Impact of the COVID-19 Pandemic on Healthcare Access and Outcomes: A Combined Insurance Claims and Survey Study of People with MS

Background: In the context of the COVID-19 pandemic, people with multiple sclerosis (pMS) have been particularly vulnerable to adverse outcomes due to disruption of care.

Objectives: The CopeMS study led by The University of Texas at Austin and the MS Association of America investigates the long-term impact of the COVID-19 pandemic on healthcare access and the outcomes of pMS.

Methods: This retrospective cohort analysis used OPTUM Clinformatics® de-identified data to identify pMS who were continuously enrolled from 01/01/2019-12/31/2020 and assess changes in utilization of healthcare services during the COVID-19 pandemic compared to the year prior. Additionally, a national survey of pMS was conducted to further understand the impact of the pandemic on healthcare access and the wellbeing of pMS.
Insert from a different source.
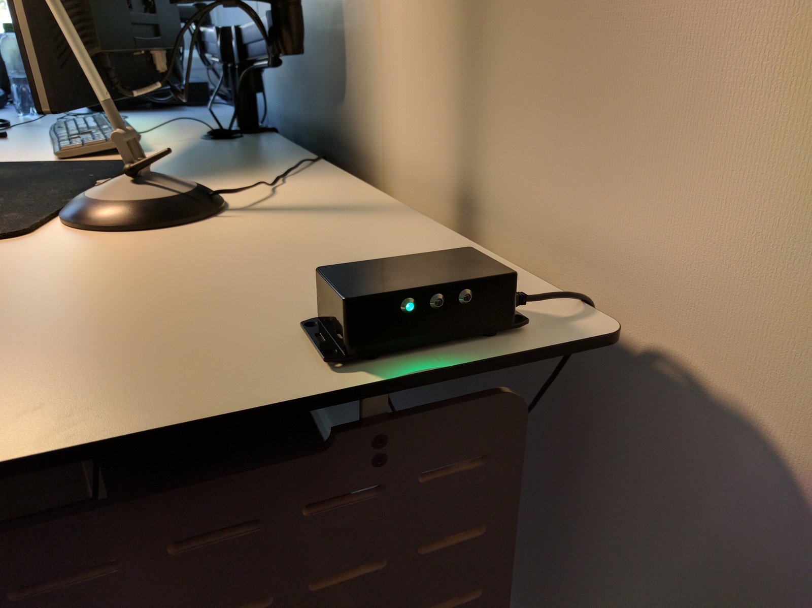 When I am at work, I use headphones; a lot. About half the time I am listening to music, the other half I am talking with someone on Lync (Skype for Business). That made it difficult for my colleagues to know whether I am available or not, so I get interrupted when I’m on the phone. I needed a way to communicate my availability!

Results: In the Optum database, we observed a decrease in the utilization of MS-related services in 2020 compared to 2019. Significantly fewer pMS had visits with their neurologist, primary care provider, physical or occupational therapist despite an increase utilization of telemedicine services. Fewer pMS had MRIs of the brain or spinal cord during the pandemic. Emergency department and inpatient utilization also significantly decreased. At the same time, we observed a significant increase in the number of pMS utilizing social work services, though utilization remained very limited in our cohort (<2%). In our national survey, pMS reported widespread disruption of the MS-related services during the pandemic: 78/140 (55.7%) were unable to continue physical therapy services, 16/109 (14.7%) were unable to continue counseling services, 20/31 (64.5%) were unable to continue occupational therapy, 4/22 (18.2%) were unable to continue case management services, and 13/18 (72.2%) were unable to continue speech therapy. Telemedicine became the main modality for neurology visits, counseling and case management but was seldomly used for other services. Out of 529 pMS in our national survey, 47% of respondents reported worsening of MS symptoms during the pandemic with increased anxiety, and inability to maintain exercise habits as leading causes for worsening.

Conclusions: Despite the expansion of telemedicine, we observed decreased access to healthcare services important to the comprehensive care of pMS. Additionally, our findings show that the COVID-19 pandemic was associated with perceived worsening of neurological symptoms in pMS due to worsened mental health and lack of physical activity.